McKINNEY — One of the last surviving witnesses to President Kennedy's assassination has died.
The story of Aubrey Rike of McKinney isn't well known, but he was part of an intensely personal moment between first lady Jacqueline Kennedy and her slain husband.
Rike's widow, Glenda, remembered getting a rather disturbing phone call from the FBI on that day in 1963. "He said, 'We have your husband.'"
It turned out that Aubrey Rike, who was an ambulance driver, did have a close connection to the case. He was at Parkland Memorial Hospital when JFK was rushed to the emergency room.
Rike sat with Jacqueline Kennedy outside the door, and he helped the first lady place her own wedding band on her dead husband's finger.

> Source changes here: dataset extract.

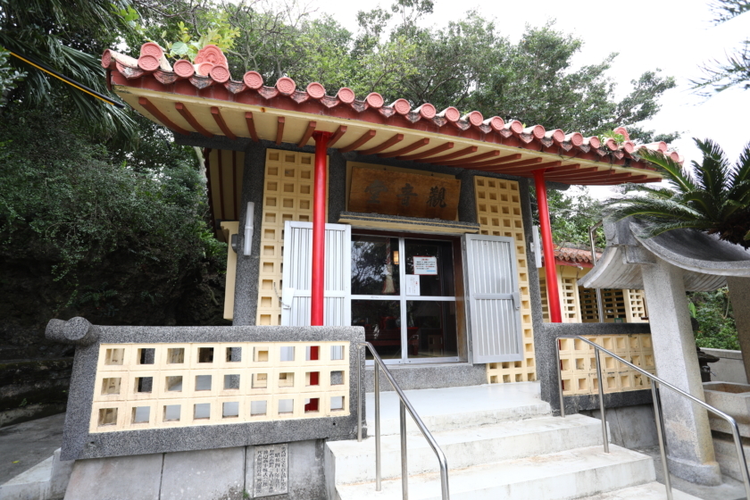 島の中央には十七・十八世紀頃に遭難した唐の船が奥武島に漂着し、これを島民たちが救助をし介抱した、お礼として唐から琉球王朝を介して贈られた黄金の観音像を安置した観音堂があります。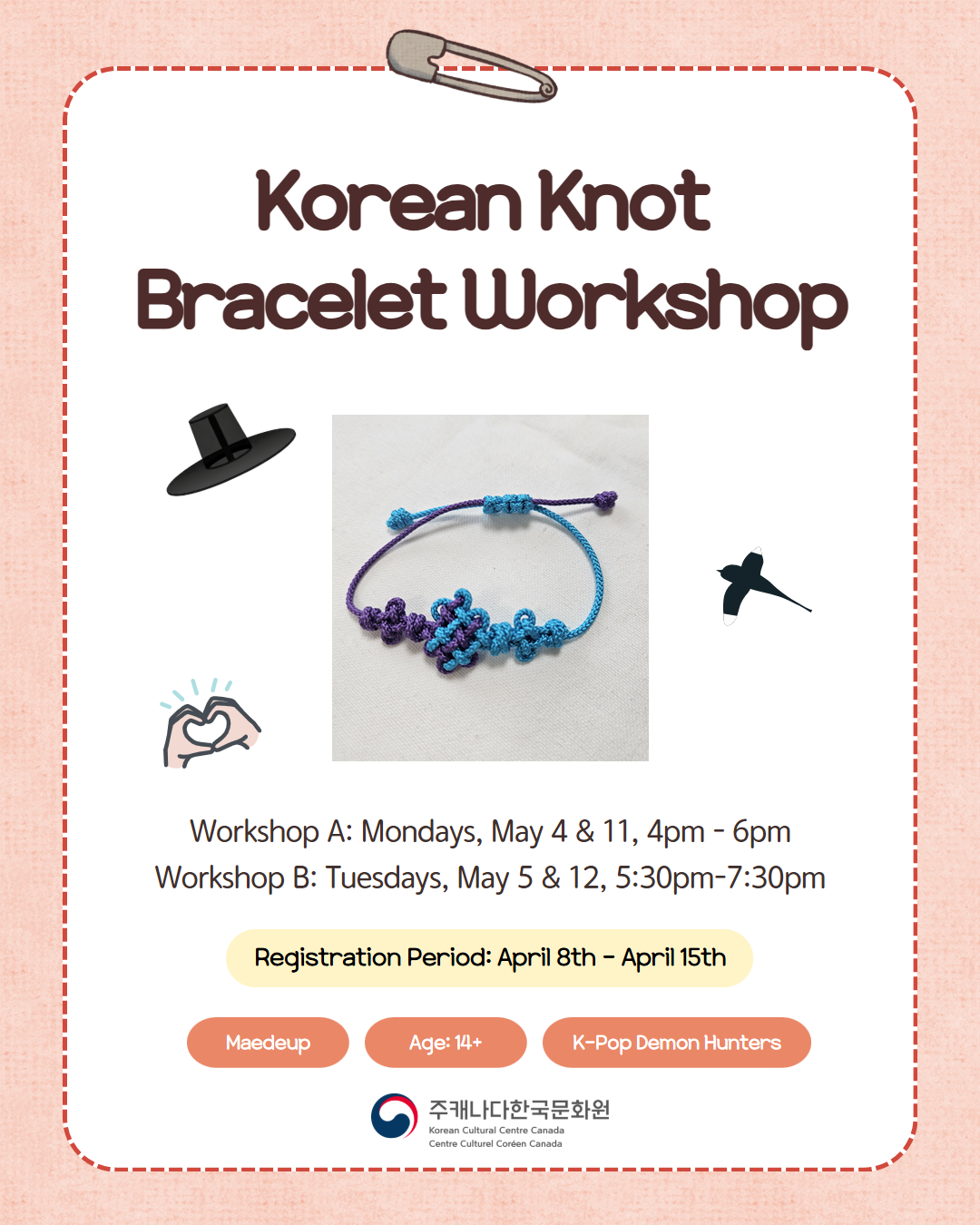 If you have seen ‘K-Pop Demon Hunters’, you may have noticed the bracelet with beautiful knot patterns! Join us for this workshop where you will make your very own Korean Knot Bracelet!

"And she couldn't get it on there," Glenda Rike said. "So Aubrey got that gel stuff and put it on his finger so she could get the ring so far up... and she kissed his hand."
It was Aubrey Rike who quickly arranged for a coffin and placed the president's body in it for transport back to Washington.
He helped Jackie into the hearse that left the hospital despite being shoved away by a Secret Service agent.
"She told him to leave the young man alone — that he was the most courteous person who had spoken to her since she arrived at Parkland," Rike's wife said.
It's a story Aubrey Rike only recently wrote about in a book published two years ago.
In death, his widow wants the world to know it was her husband that showed the president's wife kindness in her worst moment of need.